GUEST CHEF VALERIE DUEÑAS
Earlier this year I had the pleasure of working with Valerie Dueñas of Cocina House - located in Pasadena, California. She made the journey here to Phoenix to work with me and my team for an event showcasing Native foods of the Southwest. Her gentle spirit speaks through her food, and I am grateful to her for sharing this recipe and information with us for my first guest chef contribution.
"I chose this recipe, because as someone with autoimmune issues and lactose intolerance, it hasn't been easy finding breakfast foods that I can digest well. The SAD (standard American diet) typically includes sugary, high glycemic starch, milk, and fatty meats, so I've had to research protein packed, nutrient dense, yet light foods on my own. Along the way, I've learned that a lot of the ingredients on the health food market have their origins in a big part of my Mexican culture and ancestry and are Native Turtle Island ingredients.
I consider this recipe healing firstly, because I feel tied emotionally to some of the ingredients. When I traveled to Mexico as a kid the flavors of amaranth and fresh pecans where present in sweet treats that I loved eating. The nutritional content comes next, for example there's: protein and omega 3 fatty acids in chia, and essential trace minerals in nuts and seeds (pumpkin seeds contain the very important mineral magnesium), and energy and muscle building amino acid lysine which is found in amaranth, not to mention the antioxidants in berries and turmeric, and fiber in figs. Chia also helps with bowel movements, but it should be noted that a chia breakfast should be accompanied by drinking a healthy amount of water all day, as high fiber foods can sometimes cause you to feel bloated if you are not drinking enough water (however the bloat will go away for most as soon as you have a bowel movement)". - Chef Valerie Dueñas
BREAKFAST CHIA PUDDING WITH PECAN-AMARANTH MILK (adapted from a recipe created for Golden Hour Herbal Company)
SERVES 1
AMARANTH - PECAN MILK
14 oz. Pecan milk*
1 T. amaranth flour
2 T. maple syrup
½ tsp. cinnamon
CHIA AND FRUIT BLEND
2 ½ T. white or black chia
1/8 C. chopped nuts (pre-soaked) or pumpkin seeds
1/8 C. blueberries
Several slices seasonal low acid fruit
(i.e. fig, banana)
Turmeric powder
STEPS:
*Pecan Milk: Prepare in advance by soaking 1 cup of pecans in warm water with ½ tsp sea salt, for 7-24 hours. When preparing the milk, drain and rinse pecans, add to high -peed blender with 4 cups spring water. Pour contents into nut milk bag and hand press milk. Yields about 3 ¾ cups milk.
Add 14 oz. pecan milk, amaranth flour, maple syrup, and cinnamon to a high-speed blender. Blend on high for about 10 seconds. Pour into saucepan and heat on medium until warm (slightly warmer than body temperature), but do not allow it to become hot or boil. Cool if needed, set aside. In a 16 oz. mason jar, add the chia, walnuts, and berries.
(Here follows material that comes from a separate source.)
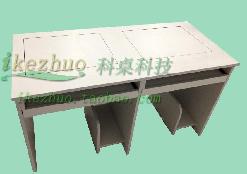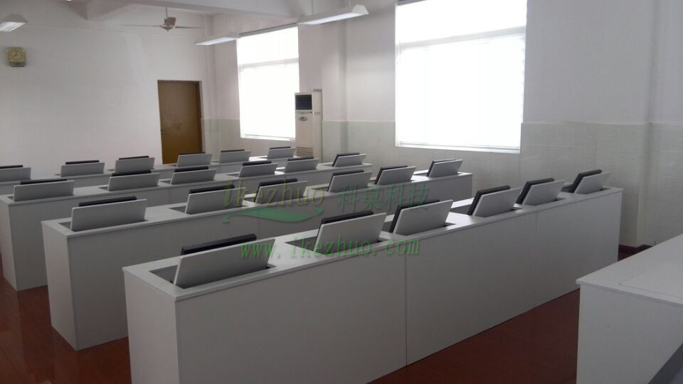 科桌 翻转电脑桌主要应用于各种大型会议室,学术报告厅,计算机教室,多媒体教室、多媒体会议室、多媒体电子教室、多媒体电教室、机房、培训中心,展厅内及多功能会议厅等。普通教室与计算机教室模式相互切换快速,不阻碍老师与学生之间目光交流,当需要使用显示器时轻按前端桌面板隐藏在桌子内部的显示器会自动从桌子下面升到桌面翻转到合适角度。当不使用显示器时,可手动按下显示器翻盖面板至桌面平整,显示器自动锁住隐藏在桌子内与桌面保持平整一致。起到防尘,防盗,保持桌面平整美观。使用方便,手动控制,翻转自如。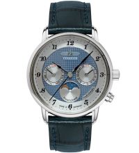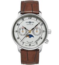 quartz movement (with battery) that, as is usual for Zeppelin watches, guarantees precise timekeeping and provides the following functions: Hour, Minute, Second, Date, Day, Moon phase.

Pour in the Amaranth Pecan milk. Whisk the chia blend slightly with a fork to ensure that no seed clumps are sticking to the bottom or sides of the jar.
Close lid tightly and shake vigorously. Allow chia seeds to sit and expand for at least 20 minutes. There should be a clear gelatinous coating around each chia seed, and the overall texture will be not be too thick; it should be dense enough to spoon, but should slide off your spoon easily. Add fruit slices to the top of the jar (fruit may be diced as well to fit more easily). Top with a light sprinkling of turmeric. Close lid tightly. Can be served in a bowl as well, as pictured. Best served warmed or at room temperature, but will keep in refrigerator for up to 5 days.